• _What you should do_
Please write out all of the data below exactly, without including the pictures.

• _Stored data_
⁂
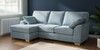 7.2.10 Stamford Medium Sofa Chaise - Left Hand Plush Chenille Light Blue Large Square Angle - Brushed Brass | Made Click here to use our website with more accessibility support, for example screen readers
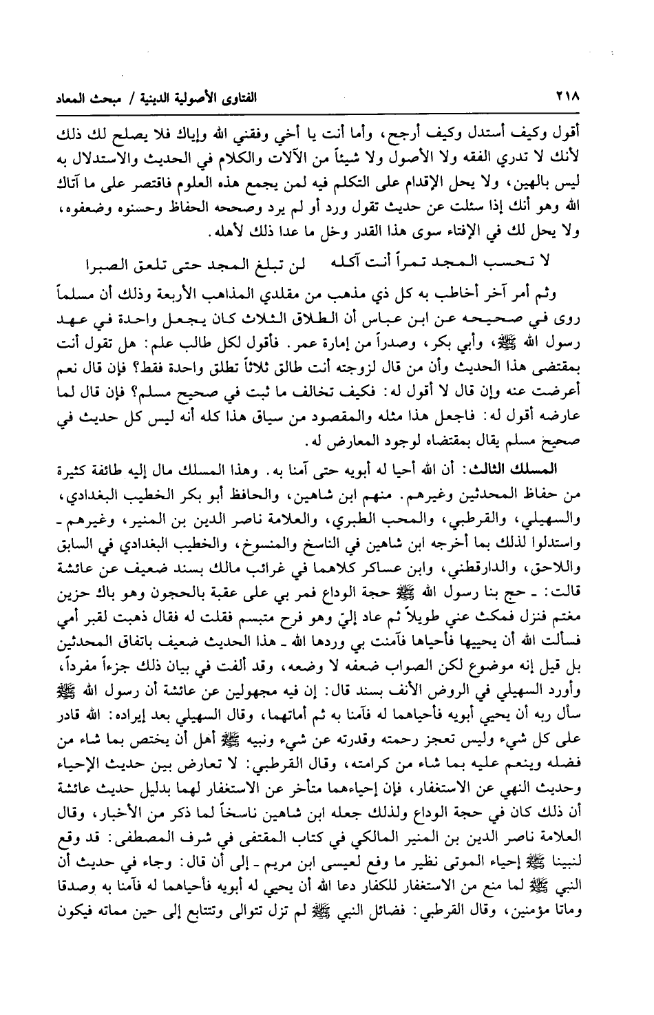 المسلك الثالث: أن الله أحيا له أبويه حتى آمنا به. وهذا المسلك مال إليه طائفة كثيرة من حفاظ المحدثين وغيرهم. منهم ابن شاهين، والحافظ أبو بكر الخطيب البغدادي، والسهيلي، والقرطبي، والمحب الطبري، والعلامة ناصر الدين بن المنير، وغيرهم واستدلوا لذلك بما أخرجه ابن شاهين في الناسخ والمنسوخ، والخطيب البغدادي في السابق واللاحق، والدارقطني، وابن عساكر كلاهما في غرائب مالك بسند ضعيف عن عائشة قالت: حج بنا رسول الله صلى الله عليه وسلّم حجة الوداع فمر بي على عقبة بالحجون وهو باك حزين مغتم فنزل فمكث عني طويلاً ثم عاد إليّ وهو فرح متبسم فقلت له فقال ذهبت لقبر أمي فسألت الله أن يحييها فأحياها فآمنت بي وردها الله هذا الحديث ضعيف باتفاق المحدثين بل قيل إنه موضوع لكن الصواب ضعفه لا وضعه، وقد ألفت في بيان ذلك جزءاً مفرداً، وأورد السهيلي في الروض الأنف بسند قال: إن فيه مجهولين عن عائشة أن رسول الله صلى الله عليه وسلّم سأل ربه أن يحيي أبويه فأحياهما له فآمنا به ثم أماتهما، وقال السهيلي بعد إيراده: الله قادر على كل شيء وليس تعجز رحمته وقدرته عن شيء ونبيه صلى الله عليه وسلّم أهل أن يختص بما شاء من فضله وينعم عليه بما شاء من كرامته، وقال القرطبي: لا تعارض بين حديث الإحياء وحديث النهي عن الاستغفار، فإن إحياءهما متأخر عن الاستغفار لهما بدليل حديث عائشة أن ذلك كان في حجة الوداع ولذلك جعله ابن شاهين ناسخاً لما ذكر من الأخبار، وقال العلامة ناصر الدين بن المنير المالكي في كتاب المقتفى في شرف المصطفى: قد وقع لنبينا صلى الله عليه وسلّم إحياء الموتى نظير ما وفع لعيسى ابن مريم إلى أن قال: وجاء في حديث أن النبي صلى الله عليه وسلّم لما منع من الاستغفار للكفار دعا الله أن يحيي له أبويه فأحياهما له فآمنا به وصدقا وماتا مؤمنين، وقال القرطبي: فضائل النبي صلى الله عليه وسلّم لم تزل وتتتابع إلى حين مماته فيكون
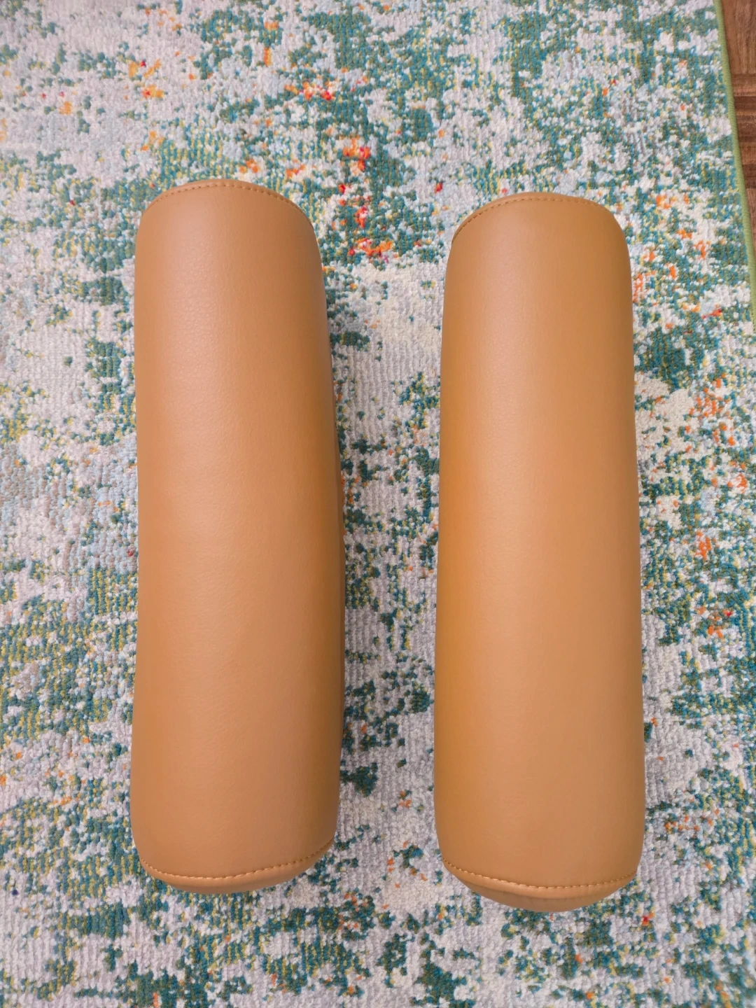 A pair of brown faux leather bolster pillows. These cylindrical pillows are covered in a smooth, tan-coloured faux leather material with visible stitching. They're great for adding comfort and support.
⁂
• _Reply to the exercise_
 7.2.10 Stamford Medium Sofa Chaise - Left Hand Plush Chenille Light Blue Large Square Angle - Brushed Brass | Made Click here to use our website with more accessibility support, for example screen readers
 المسلك الثالث: أن الله أحيا له أبويه حتى آمنا به. وهذا المسلك مال إليه طائفة كثيرة من حفاظ المحدثين وغيرهم. منهم ابن شاهين، والحافظ أبو بكر الخطيب البغدادي، والسهيلي، والقرطبي، والمحب الطبري، والعلامة ناصر الدين بن المنير، وغيرهم واستدلوا لذلك بما أخرجه ابن شاهين في الناسخ والمنسوخ، والخطيب البغدادي في السابق واللاحق، والدارقطني، وابن عساكر كلاهما في غرائب مالك بسند ضعيف عن عائشة قالت: حج بنا رسول الله صلى الله عليه وسلّم حجة الوداع فمر بي على عقبة بالحجون وهو باك حزين مغتم فنزل فمكث عني طويلاً ثم عاد إليّ وهو فرح متبسم فقلت له فقال ذهبت لقبر أمي فسألت الله أن يحييها فأحياها فآمنت بي وردها الله هذا الحديث ضعيف باتفاق المحدثين بل قيل إنه موضوع لكن الصواب ضعفه لا وضعه، وقد ألفت في بيان ذلك جزءاً مفرداً، وأورد السهيلي في الروض الأنف بسند قال: إن فيه مجهولين عن عائشة أن رسول الله صلى الله عليه وسلّم سأل ربه أن يحيي أبويه فأحياهما له فآمنا به ثم أماتهما، وقال السهيلي بعد إيراده: الله قادر على كل شيء وليس تعجز رحمته وقدرته عن شيء ونبيه صلى الله عليه وسلّم أهل أن يختص بما شاء من فضله وينعم عليه بما شاء من كرامته، وقال القرطبي: لا تعارض بين حديث الإحياء وحديث النهي عن الاستغفار، فإن إحياءهما متأخر عن الاستغفار لهما بدليل حديث عائشة أن ذلك كان في حجة الوداع ولذلك جعله ابن شاهين ناسخاً لما ذكر من الأخبار، وقال العلامة ناصر الدين بن المنير المالكي في كتاب المقتفى في شرف المصطفى: قد وقع لنبينا صلى الله عليه وسلّم إحياء الموتى نظير ما وفع لعيسى ابن مريم إلى أن قال: وجاء في حديث أن النبي صلى الله عليه وسلّم لما منع من الاستغفار للكفار دعا الله أن يحيي له أبويه فأحياهما له فآمنا به وصدقا وماتا مؤمنين، وقال القرطبي: فضائل النبي صلى الله عليه وسلّم لم تزل وتتتابع إلى حين مماته فيكون
 A pair of brown faux leather bolster pillows. These cylindrical pillows are covered in a smooth, tan-coloured faux leather material with visible stitching. They're great for adding comfort and support.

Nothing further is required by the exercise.